[
https://issues.apache.org/jira/browse/ARTEMIS-5735?page=com.atlassian.jira.plugin.system.issuetabpanels:all-tabpanel
]
Justin Bertram updated ARTEMIS-5735:
------------------------------------
Description:
h3. *Problem Description*
Under heavy load queues get stuck and their consumers do not receive any
messages.
The issue seems to be that there is one Orphaned consumer with messages in
transit so no more messages are being processes by other consumers.
This is how it looks on our web console:
!image-2025-10-31-09-08-39-117.png|width=717,height=157!

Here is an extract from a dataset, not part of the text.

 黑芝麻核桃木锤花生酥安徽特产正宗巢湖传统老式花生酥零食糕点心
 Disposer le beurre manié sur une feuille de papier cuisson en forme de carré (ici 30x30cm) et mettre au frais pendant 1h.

This seems to be related to issue ARTEMIS-4476.
The added visibility there helped understand the issue, however it did not fix
it.
----
h3. *Technical Information*
After some investigation, I found that the the issue is a race condition
between the of closing a connection and the creation of a new session.

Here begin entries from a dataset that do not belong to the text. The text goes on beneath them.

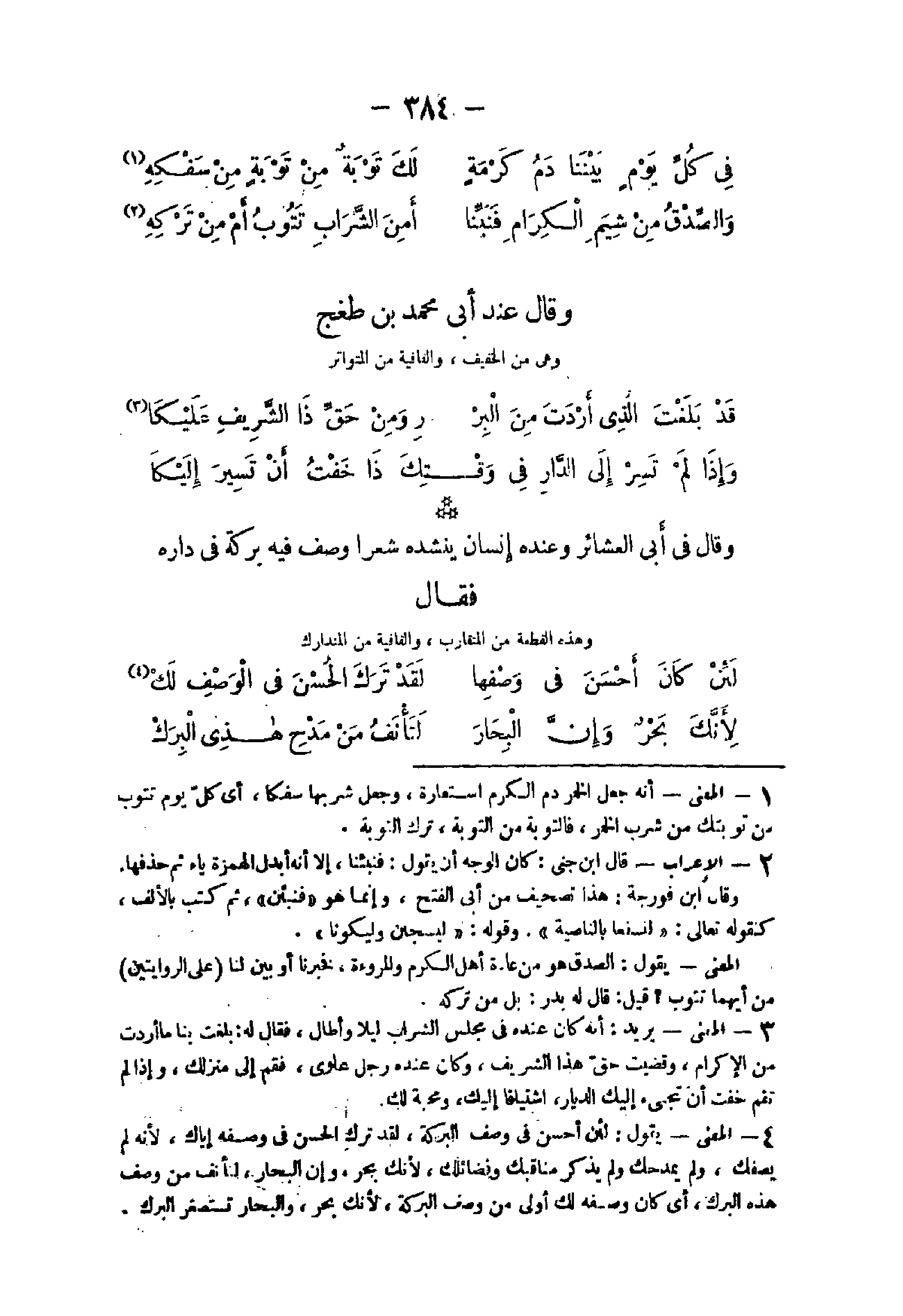 - 1 - الْمَعْنى يُرِيد أَنه كَانَ عِنْده فى مجْلِس الشّرْب لَيْلًا وَأطَال فَقَالَ لَهُ بلغت بِنَا مَا أردْت من الْإِكْرَام وقضيت حق هَذَا الشريف وَكَانَ عِنْده رجل علوى فَقُمْ إِلَى مَنْزِلك وَإِذا لم تقم خفت أَن تجئ إِلَيْك الديار اشتياقا إِلَيْك ومحبة لَك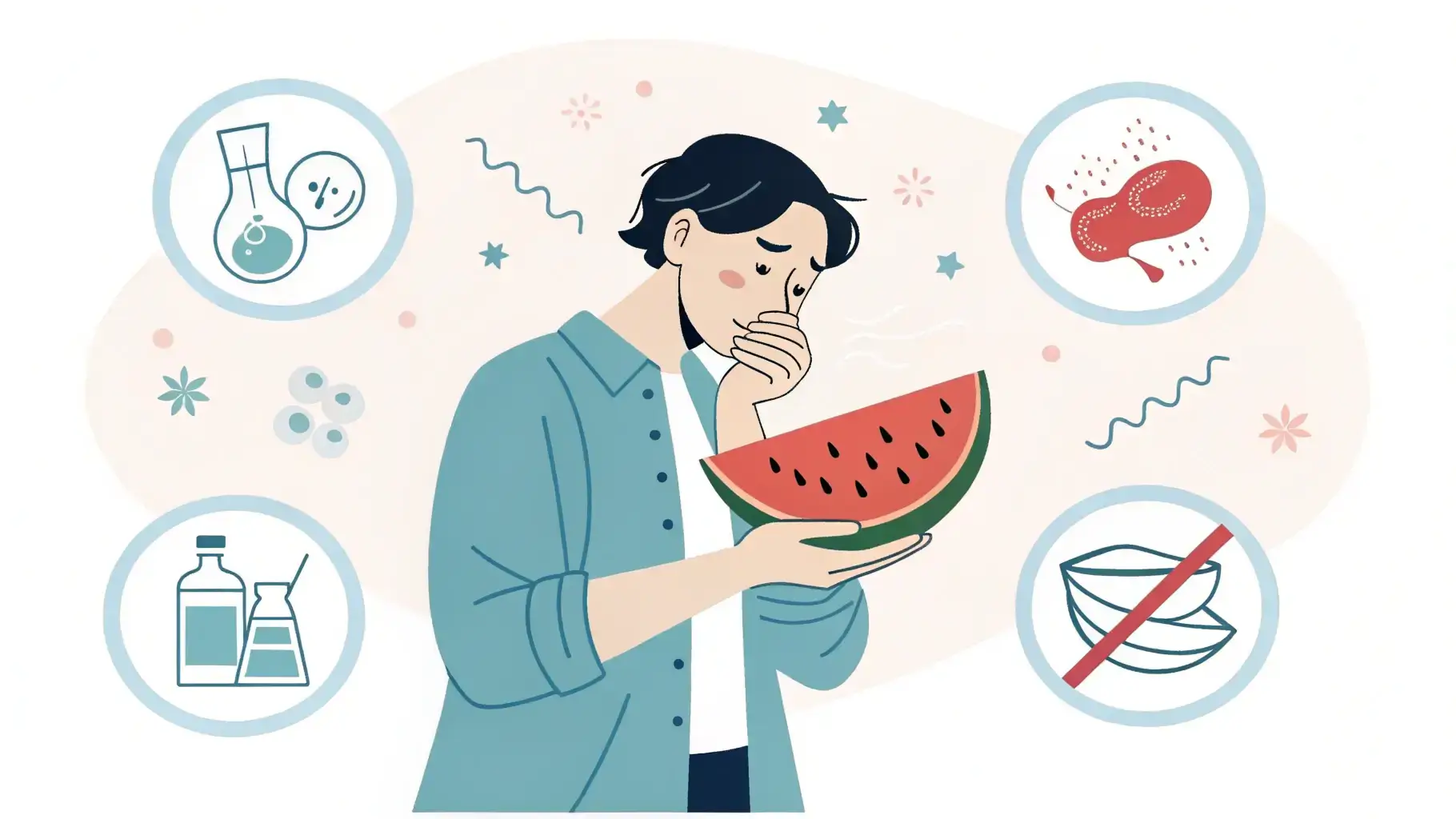 - 장염 시 주의: 장염으로 인한 설사나 복통이 있을 때 수박의 이뇨작용은 체내 수분 손실을 가중시킬 수 있으므로 섭취를 자제하는 것이 좋습니다. 가급적 수박 대신 물이나 이온 음료를 통해 수분을 보충하는 것이 효율적입니다.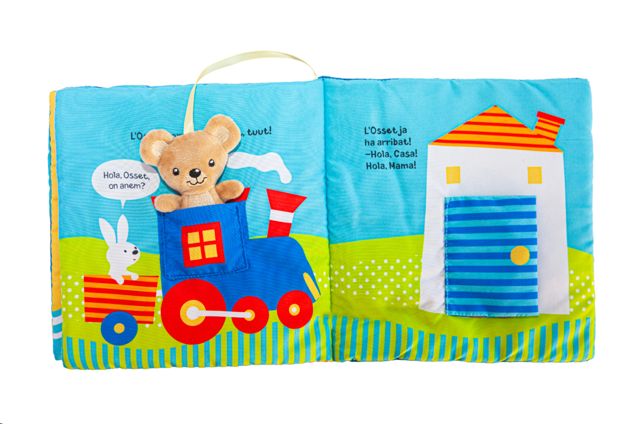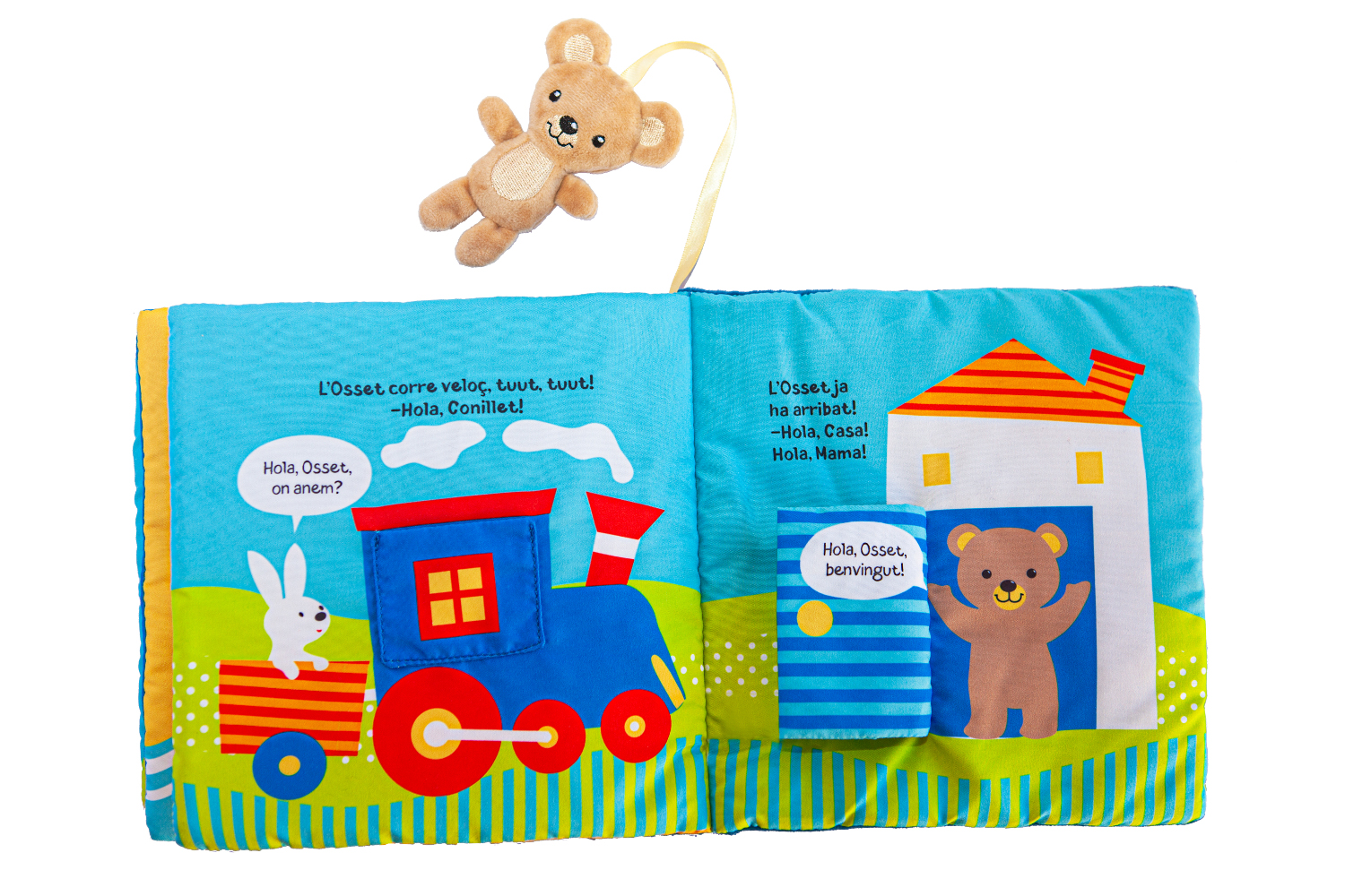 On vas, Osset? Amb el teu nadó, acompanyeu l’osset en un viatge amb tren, amb vaixell o amb avió fins arribar a casa. Un llibre de roba, amb cobertes de vellut i amb un petit nino per a les estones de joc dels més petits.

I have created an example application that reproduces one part of the the issue
and shows that it's possible to have the {{ServerSessionImpl.connectionFailed}}
miss the connection event, so the connection is being closed while the session
was not yet registered to the connection
{{AbstractRemotingConnection.failureListeners}}.

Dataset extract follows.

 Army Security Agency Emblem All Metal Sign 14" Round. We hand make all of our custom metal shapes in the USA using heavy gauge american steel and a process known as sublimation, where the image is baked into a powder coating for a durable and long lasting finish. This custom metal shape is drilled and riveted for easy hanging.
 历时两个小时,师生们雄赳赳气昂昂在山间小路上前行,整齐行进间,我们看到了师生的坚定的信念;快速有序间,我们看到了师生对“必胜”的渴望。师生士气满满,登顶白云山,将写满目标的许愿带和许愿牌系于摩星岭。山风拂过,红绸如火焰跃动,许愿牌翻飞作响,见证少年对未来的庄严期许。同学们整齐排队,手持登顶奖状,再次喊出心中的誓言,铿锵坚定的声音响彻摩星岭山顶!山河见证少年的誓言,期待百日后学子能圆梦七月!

In such cases a Orphaned session and consumer will block the usage of the queue.
In more severe cases (our production) the session is in fact registered to the
{{failureListeners}}, but it was not yet added to the sessions map, so after it
is closed, only then is this closed session added to the sessions map and then
it can not be removed from there by manually closing the session from the web
console.
The relevant code part with the race condition is in {{ActiveMQServerImpl}}:
{code:java}
ServerSessionImpl session = new ServerSessionImpl(...);
sessions.put(name, session); {code}
and {{AbstractRemotingConnection.callFailureListeners}}
The project [^artemis_consumer_issue.tar] attached is what I used to
reproduce the simpler case of just having a Orphaned connection that can be
closed manually.
The {{README.md}} file in the project explains how to reproduce the issue.
This is the general process:
# I'm intervening in the code in order to delay sending the
{{failureListeners}} events by adding a {{Thread.sleep()}}.
# Add a very short ttl in {{broker.xml}} to force the
{{FailureCheckAndFlushThread}} process to close the connections.
# Add some messages to a queue when there are no consumers yet
# Startup the consumers (8 in this case)
# The 8 consumers take more time to handle the messages than the ttl configured
# The connection will be created and terminated very shortly after.
This will trigger a recreation of the sessions and consumers while the
{{failureListeners}} are still stuck on the sleep.
was:
h3. *Problem Description*
Under heavy load queues get stuck and their consumers do not receive any
messages.
The issue seems to be that there is one Orphaned consumer with messages in
transit so no more messages are being processes by other consumers.
This is how it looks on our web console:
!image-2025-10-31-09-08-39-117.png|width=717,height=157!
This seems to be related to issue ARTEMIS-4476.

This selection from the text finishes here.